→ EXERCISE MATERIAL:
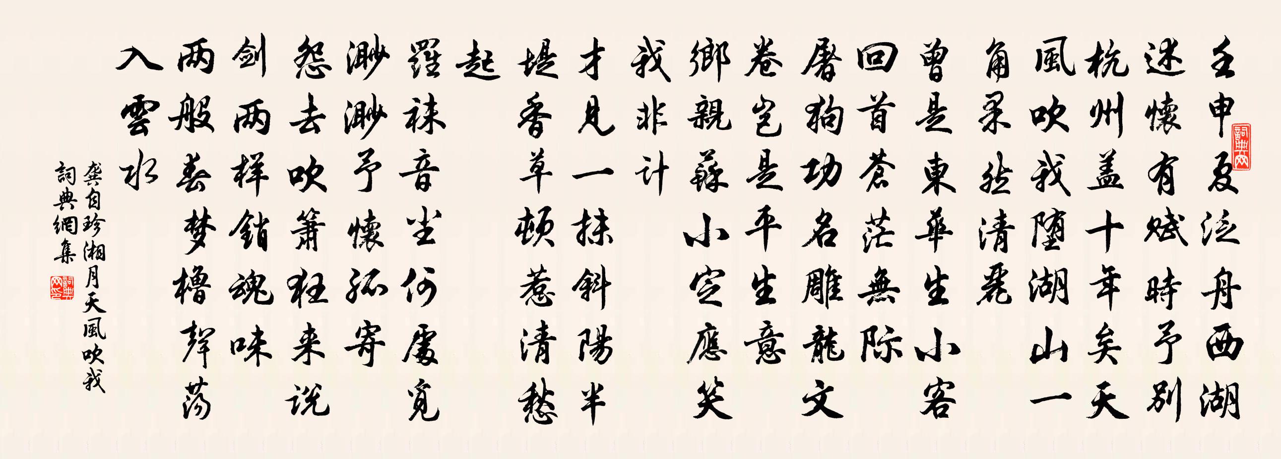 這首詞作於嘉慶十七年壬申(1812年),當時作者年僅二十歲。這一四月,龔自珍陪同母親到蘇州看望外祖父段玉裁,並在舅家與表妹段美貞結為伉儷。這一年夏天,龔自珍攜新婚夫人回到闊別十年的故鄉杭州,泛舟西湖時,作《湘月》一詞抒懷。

--

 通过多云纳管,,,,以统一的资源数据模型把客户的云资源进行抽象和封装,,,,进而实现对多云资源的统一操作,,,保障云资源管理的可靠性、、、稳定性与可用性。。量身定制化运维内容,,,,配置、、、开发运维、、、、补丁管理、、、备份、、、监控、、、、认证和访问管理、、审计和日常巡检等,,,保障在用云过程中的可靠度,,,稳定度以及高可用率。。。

--

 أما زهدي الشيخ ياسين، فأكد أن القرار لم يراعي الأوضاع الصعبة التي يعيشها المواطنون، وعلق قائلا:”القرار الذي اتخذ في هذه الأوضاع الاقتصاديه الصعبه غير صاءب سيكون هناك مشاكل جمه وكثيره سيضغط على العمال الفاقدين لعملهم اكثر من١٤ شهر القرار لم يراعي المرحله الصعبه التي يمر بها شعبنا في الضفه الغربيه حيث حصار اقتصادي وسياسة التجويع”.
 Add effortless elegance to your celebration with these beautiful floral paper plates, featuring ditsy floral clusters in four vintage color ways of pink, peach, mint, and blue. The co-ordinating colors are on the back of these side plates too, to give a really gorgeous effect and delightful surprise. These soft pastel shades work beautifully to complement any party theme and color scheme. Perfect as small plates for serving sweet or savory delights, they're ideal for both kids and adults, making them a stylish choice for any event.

→ WHAT YOU HAVE TO DO:
Output exactly the lines of the material above from the one containing "أما زهدي الشيخ" up to and including the one containing "Add effortless elegance".

→ TASK ANSWER:
 أما زهدي الشيخ ياسين، فأكد أن القرار لم يراعي الأوضاع الصعبة التي يعيشها المواطنون، وعلق قائلا:”القرار الذي اتخذ في هذه الأوضاع الاقتصاديه الصعبه غير صاءب سيكون هناك مشاكل جمه وكثيره سيضغط على العمال الفاقدين لعملهم اكثر من١٤ شهر القرار لم يراعي المرحله الصعبه التي يمر بها شعبنا في الضفه الغربيه حيث حصار اقتصادي وسياسة التجويع”.
 Add effortless elegance to your celebration with these beautiful floral paper plates, featuring ditsy floral clusters in four vintage color ways of pink, peach, mint, and blue. The co-ordinating colors are on the back of these side plates too, to give a really gorgeous effect and delightful surprise. These soft pastel shades work beautifully to complement any party theme and color scheme. Perfect as small plates for serving sweet or savory delights, they're ideal for both kids and adults, making them a stylish choice for any event.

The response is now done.